▶ Work order
Will you return, word for word, only the lines from the top of the data below down to and including the one with "Tiny Love aktivitetslegetøjet"?

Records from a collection
=== Section Start ===

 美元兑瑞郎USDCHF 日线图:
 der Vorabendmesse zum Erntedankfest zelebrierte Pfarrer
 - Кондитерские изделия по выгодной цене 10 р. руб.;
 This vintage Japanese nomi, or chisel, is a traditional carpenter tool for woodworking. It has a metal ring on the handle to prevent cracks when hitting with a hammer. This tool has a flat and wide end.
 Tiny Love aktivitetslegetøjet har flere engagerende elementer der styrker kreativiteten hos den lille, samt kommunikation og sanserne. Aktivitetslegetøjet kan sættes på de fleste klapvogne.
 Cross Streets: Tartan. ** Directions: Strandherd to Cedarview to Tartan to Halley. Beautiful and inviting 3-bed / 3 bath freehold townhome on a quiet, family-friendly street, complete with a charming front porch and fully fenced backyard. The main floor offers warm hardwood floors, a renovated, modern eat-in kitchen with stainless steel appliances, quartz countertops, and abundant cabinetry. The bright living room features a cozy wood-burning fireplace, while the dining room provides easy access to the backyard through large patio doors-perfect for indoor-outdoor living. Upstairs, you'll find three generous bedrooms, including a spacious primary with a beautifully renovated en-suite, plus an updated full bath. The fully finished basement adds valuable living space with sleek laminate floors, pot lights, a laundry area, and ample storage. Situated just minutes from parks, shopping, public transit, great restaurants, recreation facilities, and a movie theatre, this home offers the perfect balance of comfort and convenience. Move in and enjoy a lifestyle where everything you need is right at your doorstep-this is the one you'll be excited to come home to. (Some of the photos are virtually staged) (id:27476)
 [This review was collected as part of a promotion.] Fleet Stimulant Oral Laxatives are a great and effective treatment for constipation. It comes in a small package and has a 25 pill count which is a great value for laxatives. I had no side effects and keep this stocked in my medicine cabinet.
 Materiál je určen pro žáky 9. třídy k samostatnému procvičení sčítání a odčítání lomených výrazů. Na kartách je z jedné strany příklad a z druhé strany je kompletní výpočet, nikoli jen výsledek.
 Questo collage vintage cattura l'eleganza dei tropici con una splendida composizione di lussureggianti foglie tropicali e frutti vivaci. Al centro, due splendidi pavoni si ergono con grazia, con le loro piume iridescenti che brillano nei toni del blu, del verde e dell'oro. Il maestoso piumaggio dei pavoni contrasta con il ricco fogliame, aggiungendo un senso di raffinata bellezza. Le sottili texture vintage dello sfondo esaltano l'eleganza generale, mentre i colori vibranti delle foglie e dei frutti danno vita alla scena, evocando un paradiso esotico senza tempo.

=== Section End ===

▶ Task result
 美元兑瑞郎USDCHF 日线图:
 der Vorabendmesse zum Erntedankfest zelebrierte Pfarrer
 - Кондитерские изделия по выгодной цене 10 р. руб.;
 This vintage Japanese nomi, or chisel, is a traditional carpenter tool for woodworking. It has a metal ring on the handle to prevent cracks when hitting with a hammer. This tool has a flat and wide end.
 Tiny Love aktivitetslegetøjet har flere engagerende elementer der styrker kreativiteten hos den lille, samt kommunikation og sanserne. Aktivitetslegetøjet kan sættes på de fleste klapvogne.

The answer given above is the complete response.